Three

There was a brief interval of calm in which they sipped cups of strong tea. While Margaret composed herself, Annie told Aunt Harriet about their journey: the bus to Bristol, the train from Temple Meads station, the tram journey with Jack Sidwell. She did not mention the fainting fit on the tram, for which Margaret was grateful. She marvelled again at her little sister’s energy. Annie did not seem at all tired.

As Aunt Harriet was pouring them a second cup of tea, they heard faint sounds from the yard, voices and the clump of boots.

‘Ah – they’re coming out,’ Harriet said. Seeing their puzzled faces she said, ‘Eb’s shopping is at the back – that’s what we call the workshop where we make everything. There’s an entry –’ She nodded towards the back window. They could hear footsteps and voices, passing along the side of the house. ‘At least they don’t have to come through the house all the time. Although there’re Jack and Sid with their rooms upstairs, tramping in and out. That’s another reason we want to move – keeping the place clean is the devil.’

There came the sound of a deep, warm voice ‘pom-pomming’ tunefully somewhere along the passage at the back. A moment later the voice boomed, ‘Hatt?’

‘All right, love, we’re in here!’ Aunt Harriet smiled. ‘It’s Eb. He’ll be pleased to see you.’
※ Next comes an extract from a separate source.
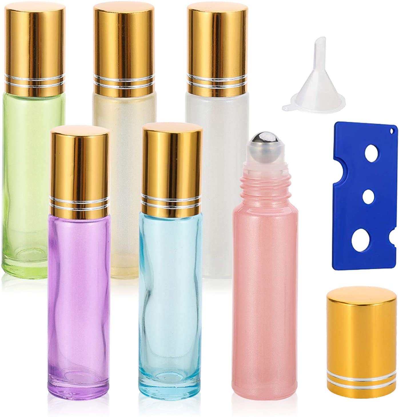 Yorkereynom ロールオンボトル 6本セット 10ml アロマ保存容器 ガラス容器 遮光 ミニボトル アトマイザー 香水 アロマ 見分け 携帯便利 精油 小分け用 アロマオイル 化粧水 手作り香水入れ 容器 遮光カラフル 精油小分け コスメ 詰替え 旅行用 携帯用 便利

‘So – have those young ladies . . . ? Ah!’ Their uncle stood at the doorway. ‘Here you are!’ Margaret smiled, the sight of him warming her heart. Although Uncle Eb and her mother did not exactly look alike, she could see Leah, her mother, in him and it was a great comfort. She knew for sure then that it had been right to come here and seek refuge with these kindly, reassuring people.

Uncle Eb was a solid, cheerful-looking man, his fleshy face topped by grizzled curly hair and, beneath a bulbous nose, a bushy grey moustache. Over white shirtsleeves he wore a dark weskit, shiny with age, curving at the front to cover a bow-window belly which protruded over dark-clad, also bowed, legs. He held his arms out, beaming.
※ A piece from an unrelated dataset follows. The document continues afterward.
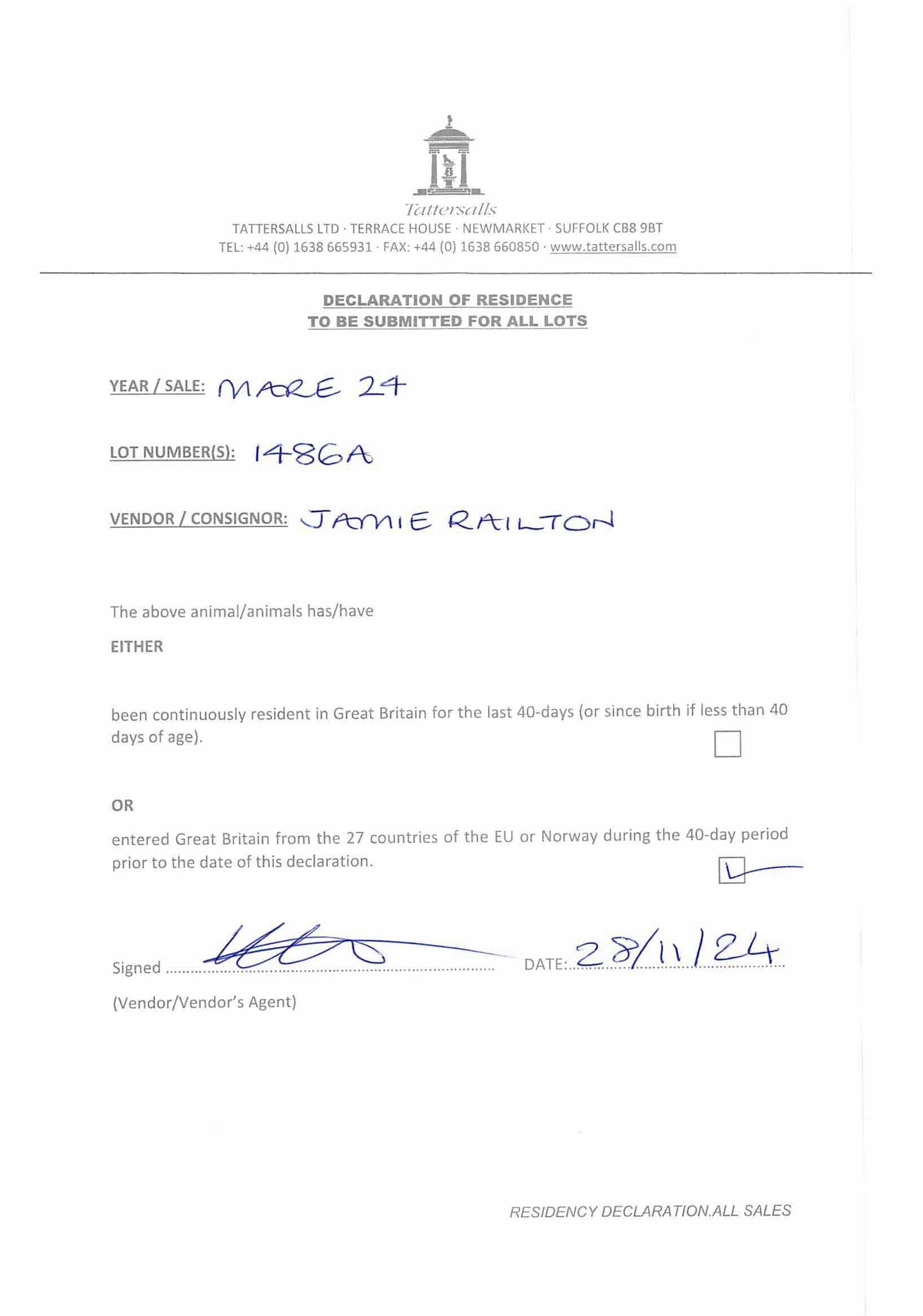 Consignor: Jamie Railton (Agent)

‘So – our Young Ladies have arrived! Come on, wenches, come and give yer uncle a kiss!’

The girls got to their feet to be kissed and embraced. Uncle Eb smelt of chemicals and pipe tobacco.

‘Well . . .’ He held each one of them by the hand and gazed into their faces. ‘Look at you both! Is that you then, our Maggie – my word, she’s the image of her father, isn’t she, Hatt? And little Annie – gracious, I’ve never known who you take after, bab. You don’t favour your mother much, do yer?’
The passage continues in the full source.